### Exercise goal
Could you retype the whole listing word for word and drop the images?

### Dataset content
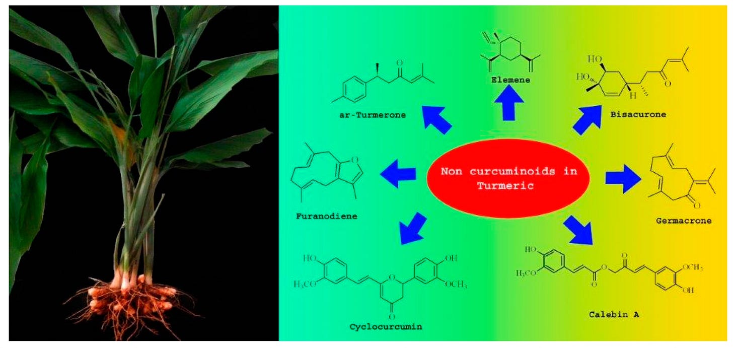 [Image from: Nair, A.; Amalraj, A.; Jacob, J.; Kunnumakkara, A.B.; Gopi, S. Non-Curcuminoids from Turmeric and Their Potential in Cancer Therapy and Anticancer Drug Delivery Formulations. Biomolecules 2019, 9, 13. https://doi.org/10.3390/biom9010013]
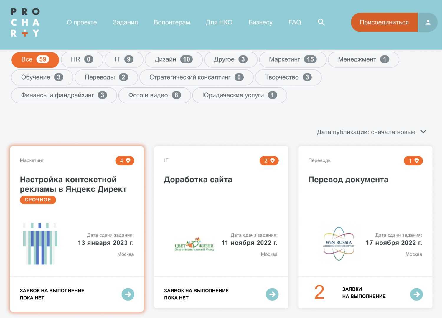 На платформе ProCharity размещены задания по разным направлениям. В карточках обозначены условия работы: что нужно сделать, к какому сроку и сколько бонусных баллов за выполненную задачу можно получить
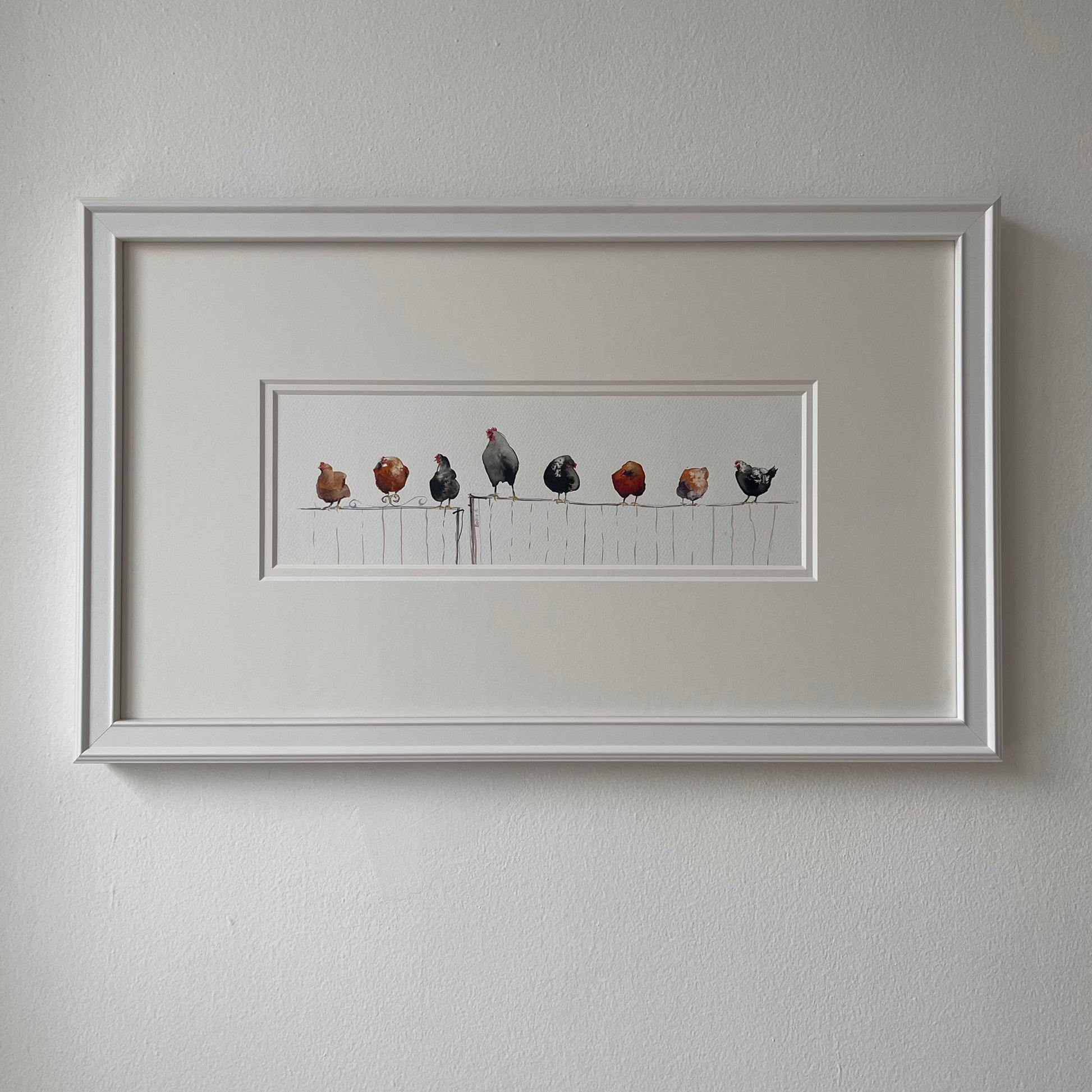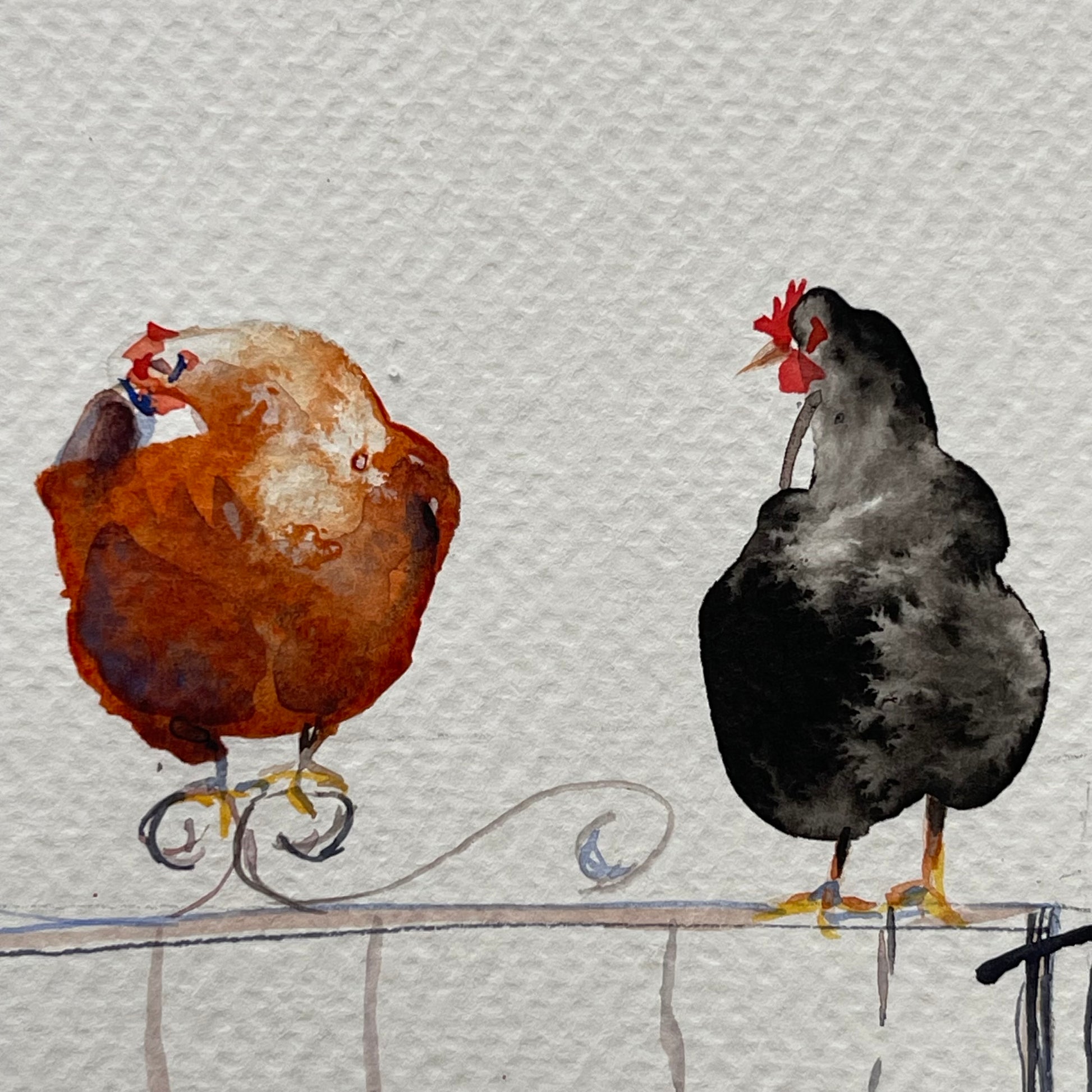 This artwork depicts a lively group of chickens perched along a fence, created with a mix of ink and watercolour. I was especially inspired by the effect of salt on ink — a technique that brings a soft, organic texture reminiscent of real feathers. The simplicity of the composition reflects the sincerity and unpolished charm of rural life, while the bright colours introduce warmth, character, and a joyful spirit.

### Exercise output
 [Image from: Nair, A.; Amalraj, A.; Jacob, J.; Kunnumakkara, A.B.; Gopi, S. Non-Curcuminoids from Turmeric and Their Potential in Cancer Therapy and Anticancer Drug Delivery Formulations. Biomolecules 2019, 9, 13. https://doi.org/10.3390/biom9010013]
 На платформе ProCharity размещены задания по разным направлениям. В карточках обозначены условия работы: что нужно сделать, к какому сроку и сколько бонусных баллов за выполненную задачу можно получить
 This artwork depicts a lively group of chickens perched along a fence, created with a mix of ink and watercolour. I was especially inspired by the effect of salt on ink — a technique that brings a soft, organic texture reminiscent of real feathers. The simplicity of the composition reflects the sincerity and unpolished charm of rural life, while the bright colours introduce warmth, character, and a joyful spirit.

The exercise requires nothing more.